Entertainment

AFGHANISTAN’S IDOL WORSHIP

THE people of Afghani stan have survived 30 years of war and Taliban atrocities. And what is their reward? “American Idol”!

Well, not the show that people in the US are hooked on, but its Afghani clone, “Afghan Star,” which is watched weekly by upward of a million folks, or a third of the nation’s population.

The show works pretty much the same as “Idol” does, with Afghans voting by cellphone for their favorite performers. But this is Afghanistan, where the Taliban still has power, not America.
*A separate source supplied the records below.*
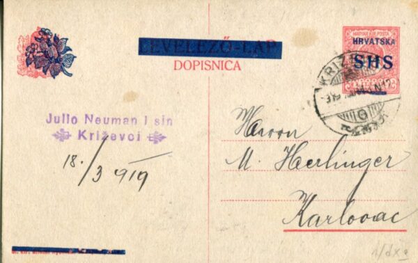 Yugoslavia – Croatia: 1919 (12 March). HRVATSKA SHS (48mm bar) overprinted in 10f Hungarian postal stationery card to Karlovac struck by KRIZEVCI datestamp. Mi. P35Ib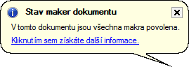 | Nastavení bezpečnosti maker | Stavová ikona | Upozornění při otevření |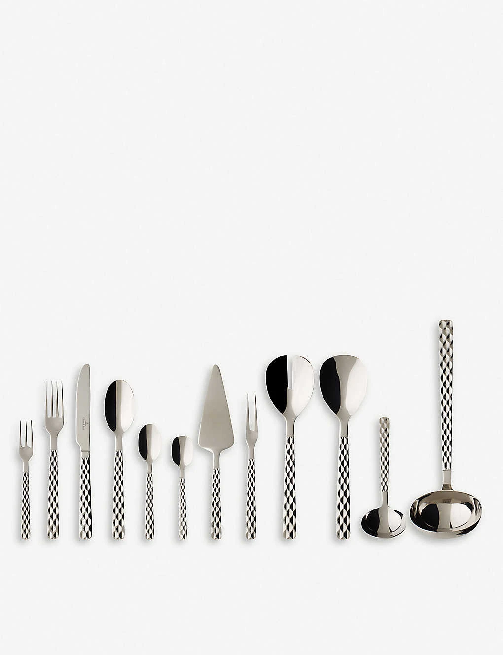 Set contains: 12 dinner spoons, 12 dinner forks, 12 dinner knives, 12 coffee spoons, 12 pastry forks, 3 serving spoons, 2 serving forks, 1 large cold meat fork, 1 gravy ladle, 1 soup ladle, 1 pie server, 1 ice cream spoon, 1 cutlery tray box
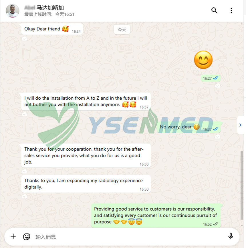 Medical professionals praise YSENMED's YSX500D 50kW 630mA Medical Digital X-ray System for its high-quality imaging and user-friendly design. Customer Abel highlights its impact, saying, "Thanks to you, I am expanding my radiology experience digitally," while commending YSENMED's exceptional after-sales service.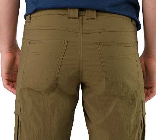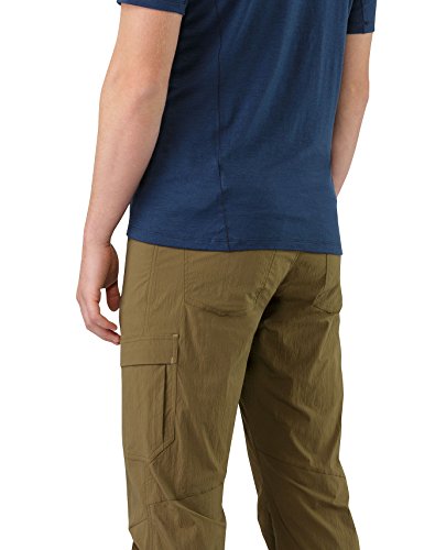 Product Description 209116 Features: Hot weather and humidity won't get to you with summer weight TerraTex fabric to breathable, light, and quick drying Climb or hike at ease with a technical design featuring articulated knees, seat, front and back leg seams, and a gusseted crotch Built for the male form, this pant will fit well with a close, athletic fit Stow your pocket knife or keys in the two pleated cargo pockets with fixed flaps, two front slash pockets, or in the two rear pockets with fixed flaps Stay comfortable around the waistline with a waistband sporting a front fly with two snaps and belt loops Show off your trend setting style with the embroidered bird logo Specifications: Fabric: 94% nylon to 6% Lycra Inseam: 35 inches 0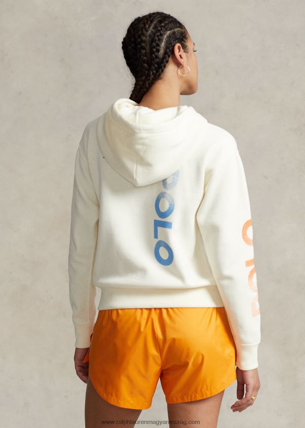 logós és hullámgrafikus polár pulóver 2680483079 nők Ralph Lauren klubházi krém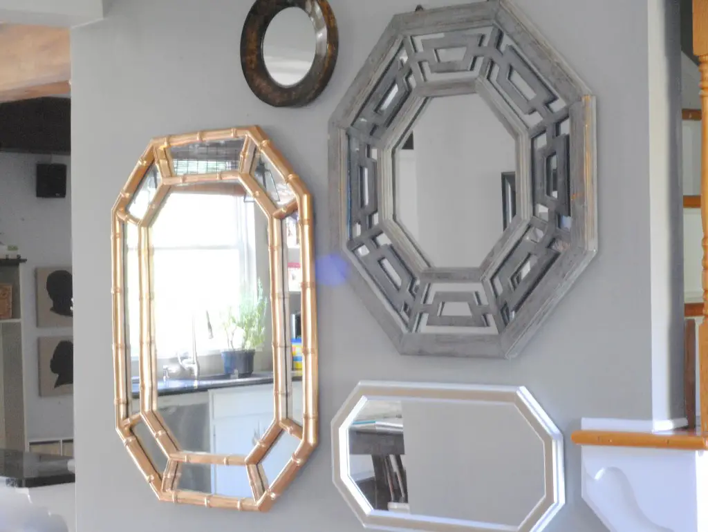 Je l'ai évoqué rapidement dans la première solution, au dessus d'un meuble, le miroir n'est pas nécessairement seule à décorer le mur. On peut l'associer à des cadres, des photos, mais aussi à d'autres miroirs. Le risque ici c'est de "surcharger" le mur avec trop de cadres / miroirs. Généralement au dessus d'une console, on a trois miroirs moyens. En mettre plus c'est prendre le risque de créer une décoration trop lourde.

In “Afghan Star,” British filmmaker Havana Marking’s entertaining first feature documentary, she examines the phenomena and tracks four finalists — two of them women — as they campaign for votes the way a politician does.

There was a time when people in Afghanistan would be killed for having fun, but life is more liberal now.

That didn’t stop one of the female finalists, 22-year-old Setara, from getting into trouble because not only did she sing on TV, but she actually dared to dance and show her long hair — still big no-nos in that part of the world.

She received death threats and went into hiding. The scary part is that her critics weren’t just fundamentalist geezers with long beards; ordinary young men and women also thought she had sinned.

In Pashtu, Dari and English, with English subtitles. Running time: 87 minutes. Not rated (mature themes). At Cinema Village, 12th Street, east of Fifth Avenue.